(STUDY MATERIAL begins)

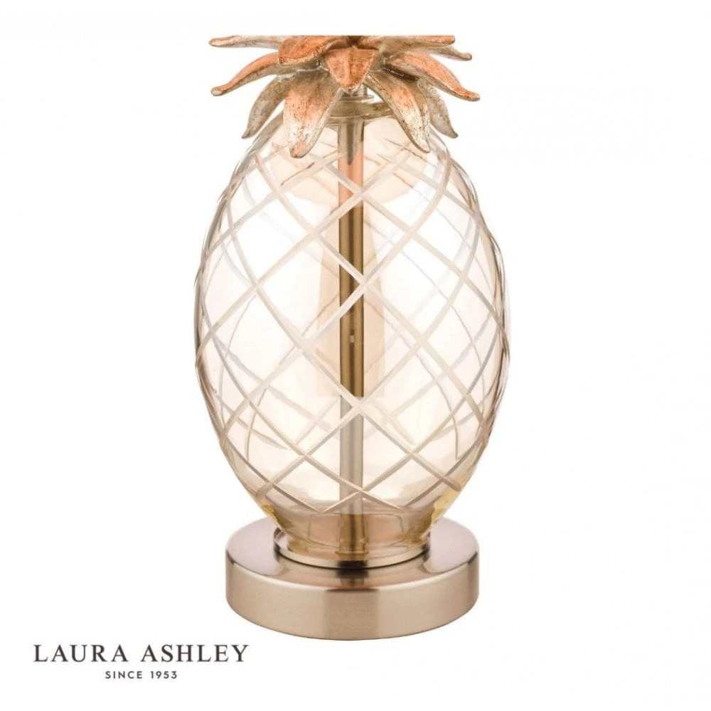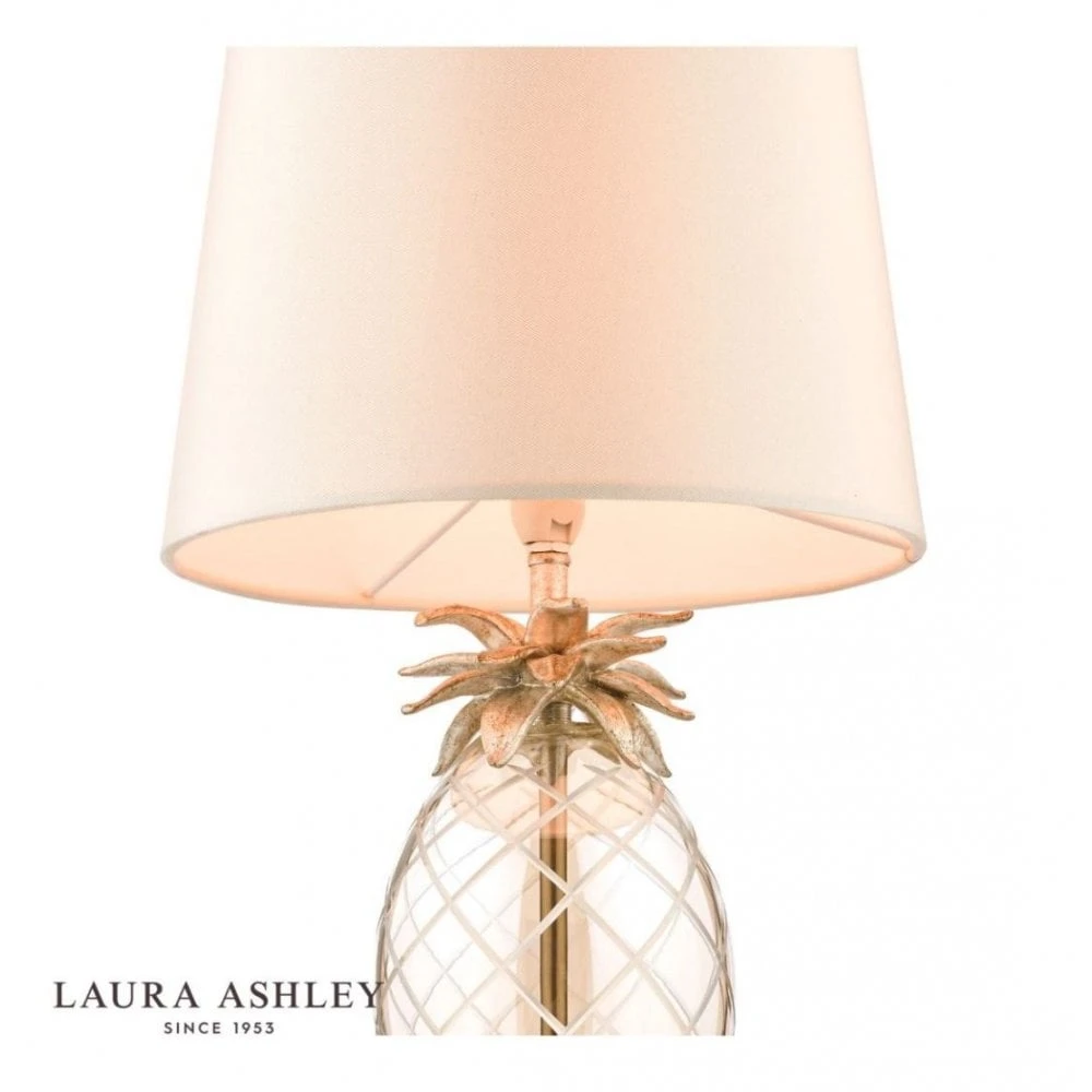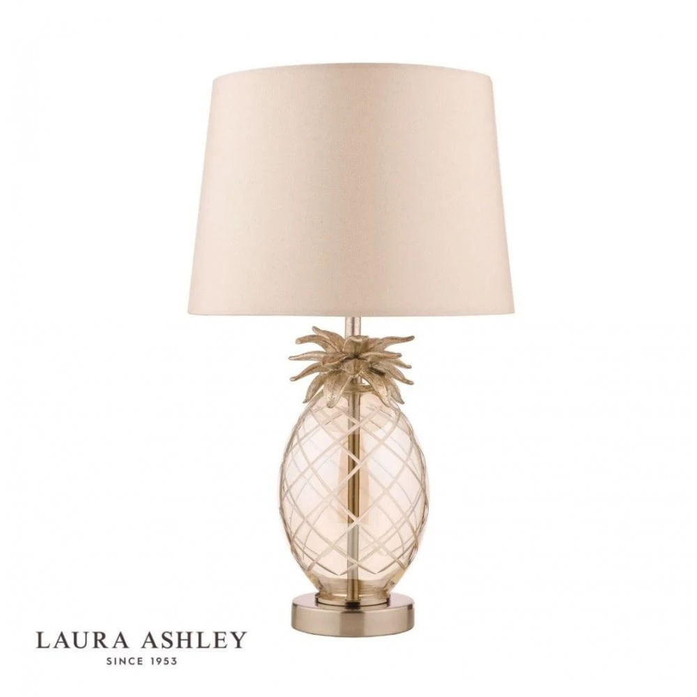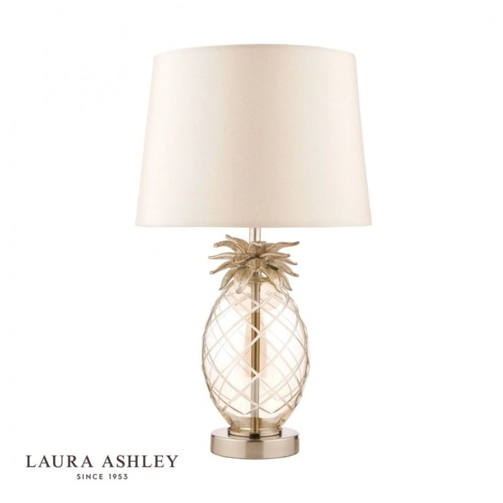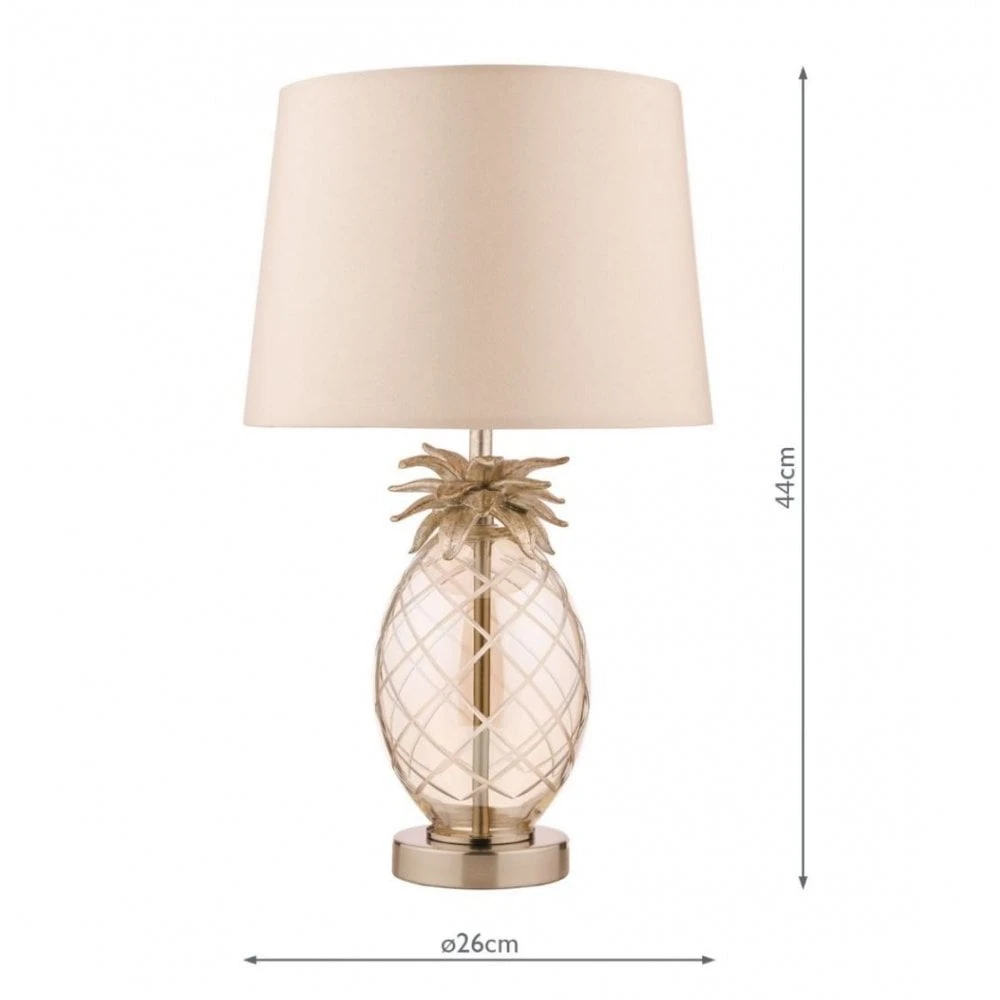 Add some real character to your home with this quirky table lamp featuring a glass pineapple base and taupe shade. Sitting atop a champagne gold ring, the pineapple shaped base is formed from champagne tinted, hand cut class and is topped with resin pineapple leaves. A matching bar runs through the glass base to a glamorous taupe faux silk shade to complete the luxury look.Â
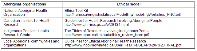23. Canadian Institutes of Health Research. CIHR Guidelines for Health Research Involving Aboriginal People. (Online) 2007. Available: http://www.cihr-irsc.gc.ca/e/documents/ethics_aboriginal_guidelines_e.pdf (Accessed 19 August 2009).
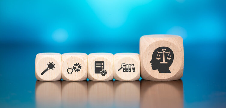 magnifying glass on wooden blocks with checklist
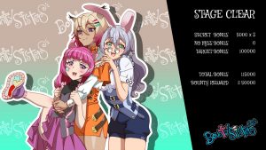Certain large enemies will also drop money canisters. In a nod to TwinBee’s bell system, you repeatedly shoot these to cycle through currency values, aiming for the highest payout before they reset in value or fall off the screen. Money is separate from score and can be used to purchase additional subweapons before starting a new game. Each girl only starts with one subweapon, but three more can be unlocked through multiple plays. Funny specializes in various bubble attacks, Betty has bullets that shoot in different directions, and Dot attacks with different types of blades.
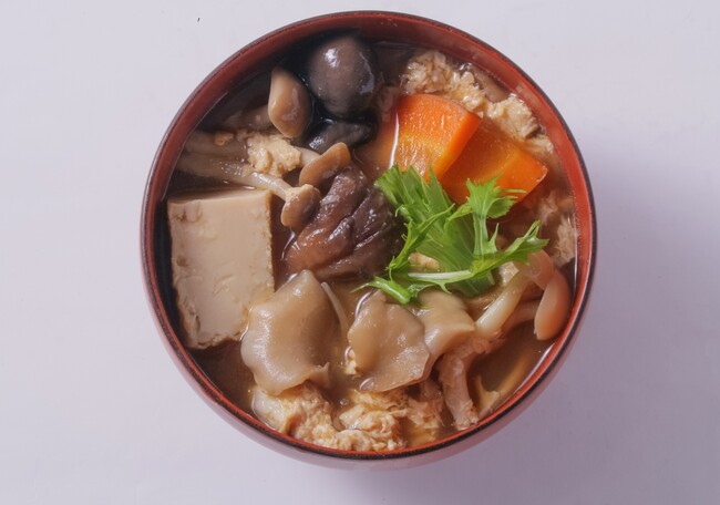 霜降りひらたけと一番採り生どんこの卵とじお味噌汁 税込450円

(STUDY MATERIAL ends)

**PROMPT**
Reproduce all entries without any change, and omit the pictures.

**RESPONSE BOX**
 Add some real character to your home with this quirky table lamp featuring a glass pineapple base and taupe shade. Sitting atop a champagne gold ring, the pineapple shaped base is formed from champagne tinted, hand cut class and is topped with resin pineapple leaves. A matching bar runs through the glass base to a glamorous taupe faux silk shade to complete the luxury look.Â
23. Canadian Institutes of Health Research. CIHR Guidelines for Health Research Involving Aboriginal People. (Online) 2007. Available: http://www.cihr-irsc.gc.ca/e/documents/ethics_aboriginal_guidelines_e.pdf (Accessed 19 August 2009).
 magnifying glass on wooden blocks with checklist
Certain large enemies will also drop money canisters. In a nod to TwinBee’s bell system, you repeatedly shoot these to cycle through currency values, aiming for the highest payout before they reset in value or fall off the screen. Money is separate from score and can be used to purchase additional subweapons before starting a new game. Each girl only starts with one subweapon, but three more can be unlocked through multiple plays. Funny specializes in various bubble attacks, Betty has bullets that shoot in different directions, and Dot attacks with different types of blades.
 霜降りひらたけと一番採り生どんこの卵とじお味噌汁 税込450円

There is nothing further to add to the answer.